WHAT IS BEING ASKED: Output exactly the lines below, starting with the line that has "Όπως αναφέρει ο" and going on through the line that has "Пенал 3 секции, вкладка", both included, and no other lines.

RAW DATA:
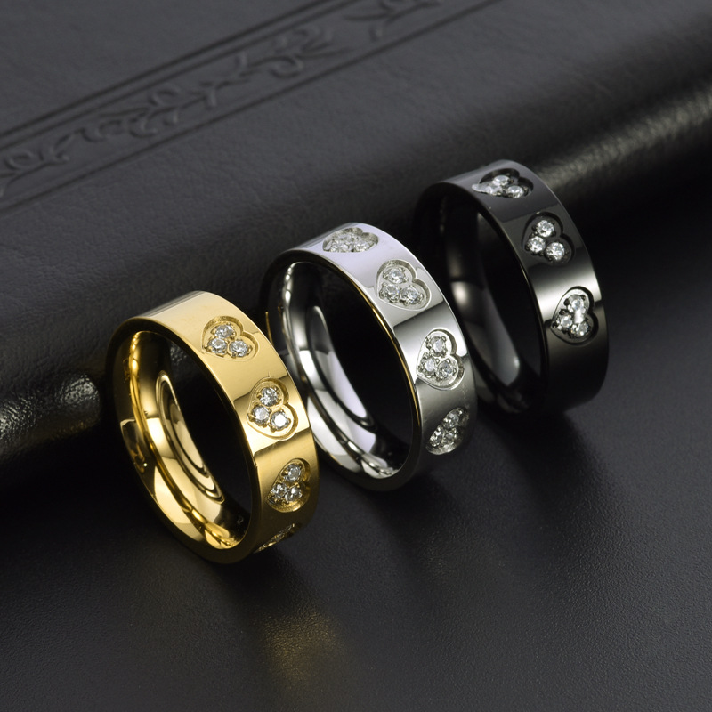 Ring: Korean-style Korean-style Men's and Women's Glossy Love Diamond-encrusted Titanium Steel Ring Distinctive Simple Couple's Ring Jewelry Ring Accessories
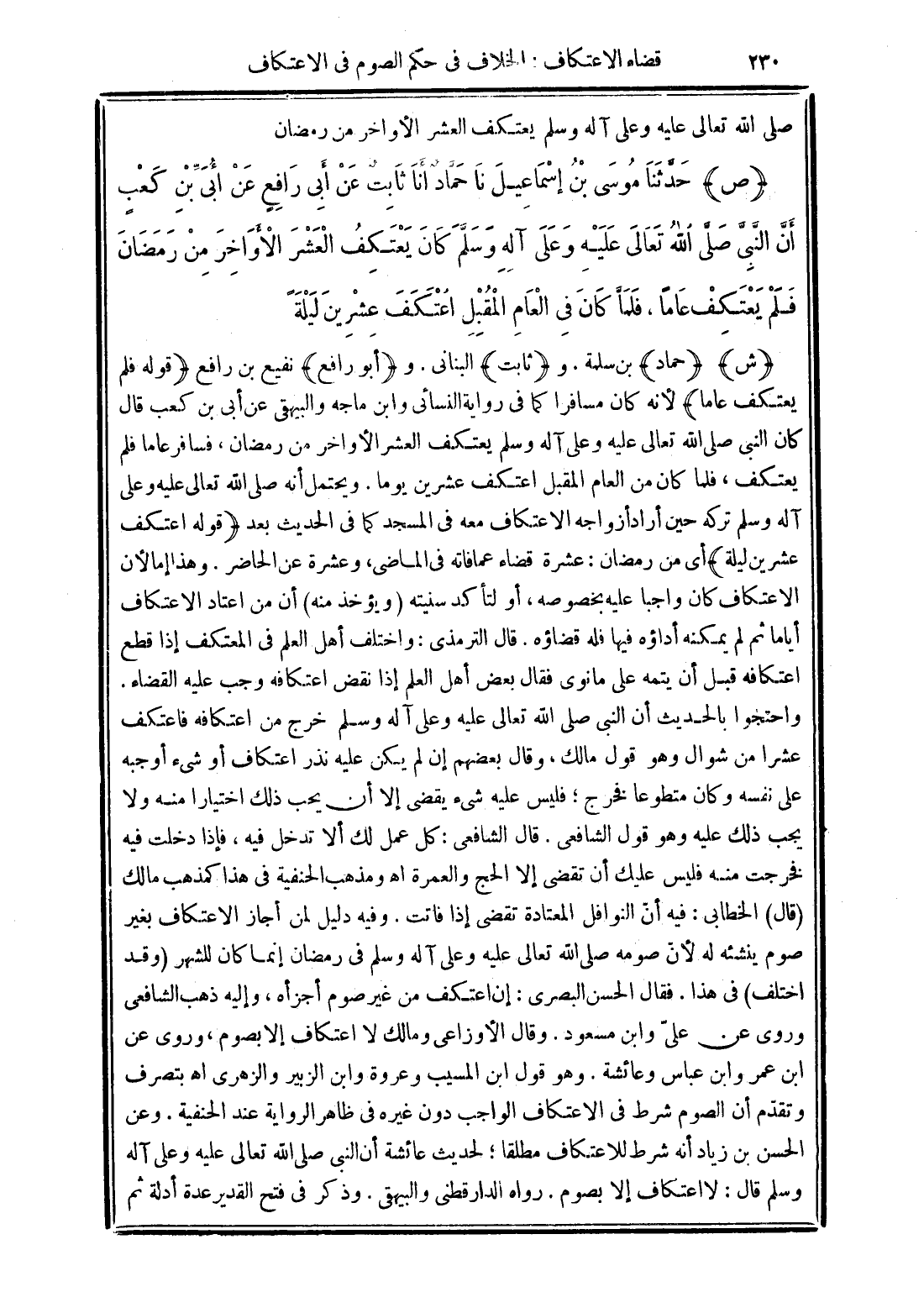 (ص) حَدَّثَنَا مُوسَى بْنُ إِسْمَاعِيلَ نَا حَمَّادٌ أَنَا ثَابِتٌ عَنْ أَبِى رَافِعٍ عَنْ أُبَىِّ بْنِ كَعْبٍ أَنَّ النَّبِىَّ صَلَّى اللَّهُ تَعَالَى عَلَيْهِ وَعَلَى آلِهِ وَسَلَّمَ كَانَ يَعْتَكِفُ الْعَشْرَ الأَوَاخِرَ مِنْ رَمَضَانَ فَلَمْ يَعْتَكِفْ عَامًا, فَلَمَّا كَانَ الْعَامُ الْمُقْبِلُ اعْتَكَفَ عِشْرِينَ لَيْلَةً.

--

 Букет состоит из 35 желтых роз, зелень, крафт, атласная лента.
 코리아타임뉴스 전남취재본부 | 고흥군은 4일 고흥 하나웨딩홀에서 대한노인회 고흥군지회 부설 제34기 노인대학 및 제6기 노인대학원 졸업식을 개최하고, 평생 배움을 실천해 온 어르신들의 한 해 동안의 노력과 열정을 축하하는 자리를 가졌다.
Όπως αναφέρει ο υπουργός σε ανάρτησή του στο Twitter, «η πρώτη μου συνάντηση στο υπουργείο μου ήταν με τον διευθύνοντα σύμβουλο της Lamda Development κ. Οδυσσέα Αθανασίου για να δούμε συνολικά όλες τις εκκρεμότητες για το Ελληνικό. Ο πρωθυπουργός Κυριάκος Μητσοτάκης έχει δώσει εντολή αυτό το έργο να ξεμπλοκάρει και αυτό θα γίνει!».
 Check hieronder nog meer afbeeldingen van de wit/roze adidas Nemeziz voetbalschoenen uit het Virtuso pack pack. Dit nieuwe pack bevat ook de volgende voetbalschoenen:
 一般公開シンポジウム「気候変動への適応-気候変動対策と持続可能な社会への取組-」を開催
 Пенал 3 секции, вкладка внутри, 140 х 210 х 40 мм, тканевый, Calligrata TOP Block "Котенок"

OUTPUT FOR THIS TASK:
Όπως αναφέρει ο υπουργός σε ανάρτησή του στο Twitter, «η πρώτη μου συνάντηση στο υπουργείο μου ήταν με τον διευθύνοντα σύμβουλο της Lamda Development κ. Οδυσσέα Αθανασίου για να δούμε συνολικά όλες τις εκκρεμότητες για το Ελληνικό. Ο πρωθυπουργός Κυριάκος Μητσοτάκης έχει δώσει εντολή αυτό το έργο να ξεμπλοκάρει και αυτό θα γίνει!».
 Check hieronder nog meer afbeeldingen van de wit/roze adidas Nemeziz voetbalschoenen uit het Virtuso pack pack. Dit nieuwe pack bevat ook de volgende voetbalschoenen:
 一般公開シンポジウム「気候変動への適応-気候変動対策と持続可能な社会への取組-」を開催
 Пенал 3 секции, вкладка внутри, 140 х 210 х 40 мм, тканевый, Calligrata TOP Block "Котенок"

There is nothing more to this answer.